• Exercise: Output, word for word and without pictures, the lines from the one containing "Celebrate the joyous" through the final line of the listing below.
[[ Provided data, beginning ]]
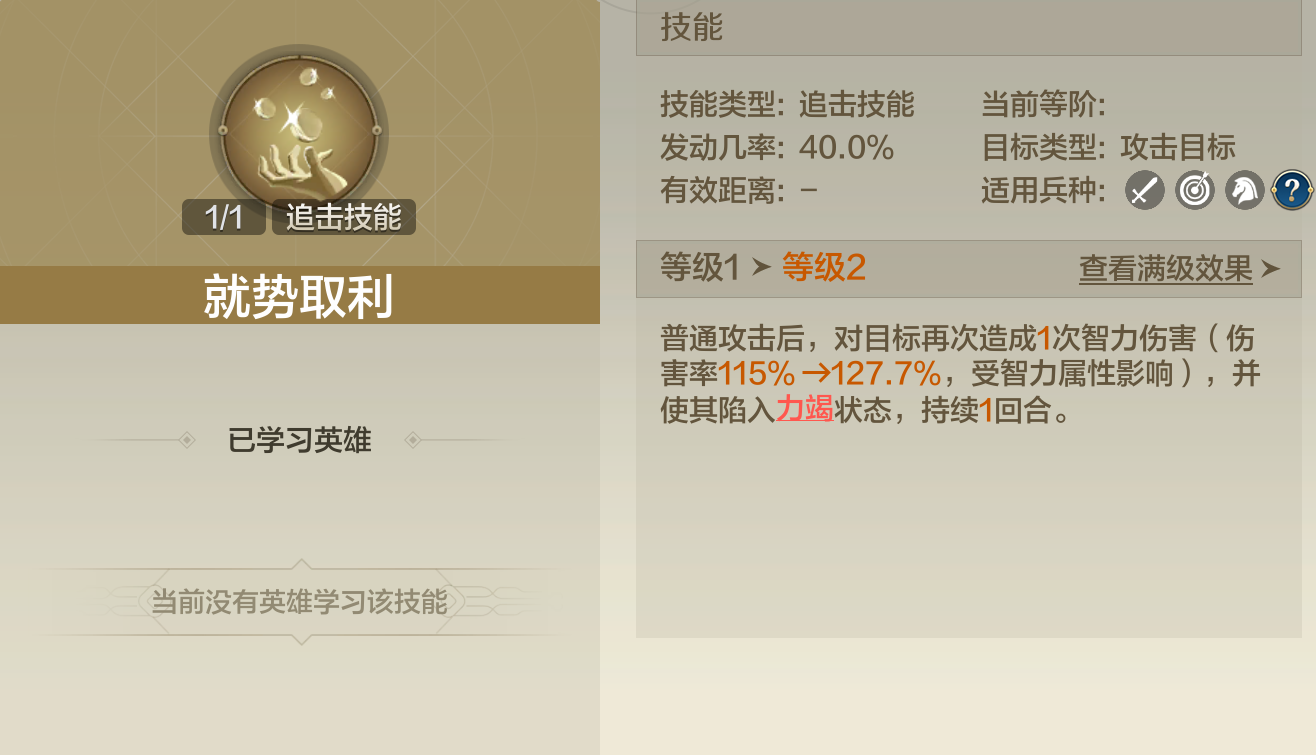 技能点评:目前最适配的应该是骑兵智力追击,能频发触发,吉尔伽美什和伊丽莎白一世。非骑兵追击触发频率不够容易不能力竭多人。
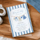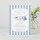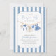 Celebrate the joyous arrival of your little girl with our "Blue Jean Baby" baby shower invitation. This charming card features soft denim details like cute baby clothes and trendy stripes as background.
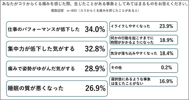さらに、コリからくる痛みによってどのような事象が生じたか質問したところ、最も多かった回答は「仕事のパフォーマンスが低下した」で34.0%。
[[ Provided data, end ]]
• Task response:
 Celebrate the joyous arrival of your little girl with our "Blue Jean Baby" baby shower invitation. This charming card features soft denim details like cute baby clothes and trendy stripes as background.
さらに、コリからくる痛みによってどのような事象が生じたか質問したところ、最も多かった回答は「仕事のパフォーマンスが低下した」で34.0%。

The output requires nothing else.